Wednesday, December 19, 2012

So Far

Firstly, I need to address what happened in Newtown, CT on Friday morning.  I won't dwell on it long.  I think we're all probably ODing on the news about it.  But it can't be ignored.

"The second deadliest school shooting in U.S. history" should not be a phrase in our lexicon.  Truthfully there's nothing I can say about it other than that it's events like this that are precisely why I didn't want to have children.  I don't know how you explain something like that to a child.  I don't know if it's right to bring a child into a world where this kind of thing is becoming more and more commonplace.  I don't know how you send your child off into the world knowing that something that horrific can happen.  Short of not letting my kid out of the house until it's 18, I don't know what I can do.  I feel helpless and awful.

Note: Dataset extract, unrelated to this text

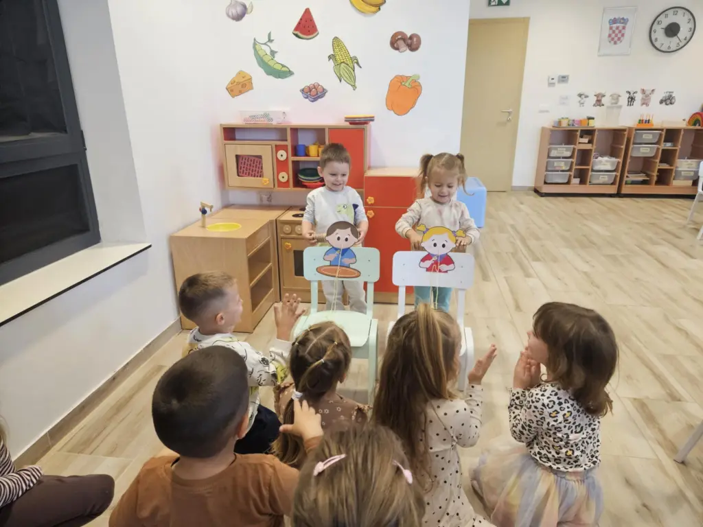 Zabavljali smo se i u igri „Tko će prije pojesti?“ — djeca su namotavala žutu vunu koja je predstavljala špagete na rolu. Igra im se jako svidjela, a sobom se širila vesela atmosfera i glasno navijanje za prijatelje.

There's some debate in the romper room of stupidity that is the media and social networking sites as to whether it's a question of better access to mental health care or stricter gun control laws.  I don't pretend to know anything about anything, but I am going to say that in a country where one can buy a gun without a thorough background check, and where someone with a history of mental illness can purchase a gun as easily as someone without, I'm going to venture a guess that attention to both mental health coverage and gun control laws needs to be paid.  I'm speaking as someone with a history of mental illness.  Mine is clinical depression and not the kind that would likely lead to me shooting up a public place, but if I went to buy a gun, I would hope that my diagnosis would at least make it more difficult.  A diagnosis of depression can hurt a person's chance of gaining custody of their own child, why shouldn't it also hurt a person's chance of owning a gun?  Considering that most of these mass shooters have histories of mental health issues, it seems there should be some hurdles in place on the road to purchasing a semi-automatic rifle.  And, of course, as a whole, we need better access to health care in this country, including mental health coverage.  It's been a struggle my whole adult life to get my mental health care covered.  Even with insurance, one of my antidepressants costs more than $150 for a three month supply.  That might not seem like a lot to some, but when you're having trouble making rent, or feeding your family, it's suddenly not a sum to sneeze at.  If I don't take my meds, I run a high risk of relapse and when I relapse it's not pretty.  I'm not talking about having trouble getting out of bed in the morning or feeling "blue".  I'm talking about being consumed by thoughts of death and dying.  Not remembering a time when I didn't feel like life was worthless.  Feeling like dying is my only way out. Almost every insurance carrier I've ever had has had shitty mental health coverage.  Anyone suffering from depression will tell you that 20 therapy sessions per year is a joke.  I don't know if it's that this country is terrified of depression or just doesn't care, but for some reason, we treat people with mental health issues like pariahs.  And then we're shocked when someone mentally unstable behaves unstably.  Why don't we give them the care they need before hand?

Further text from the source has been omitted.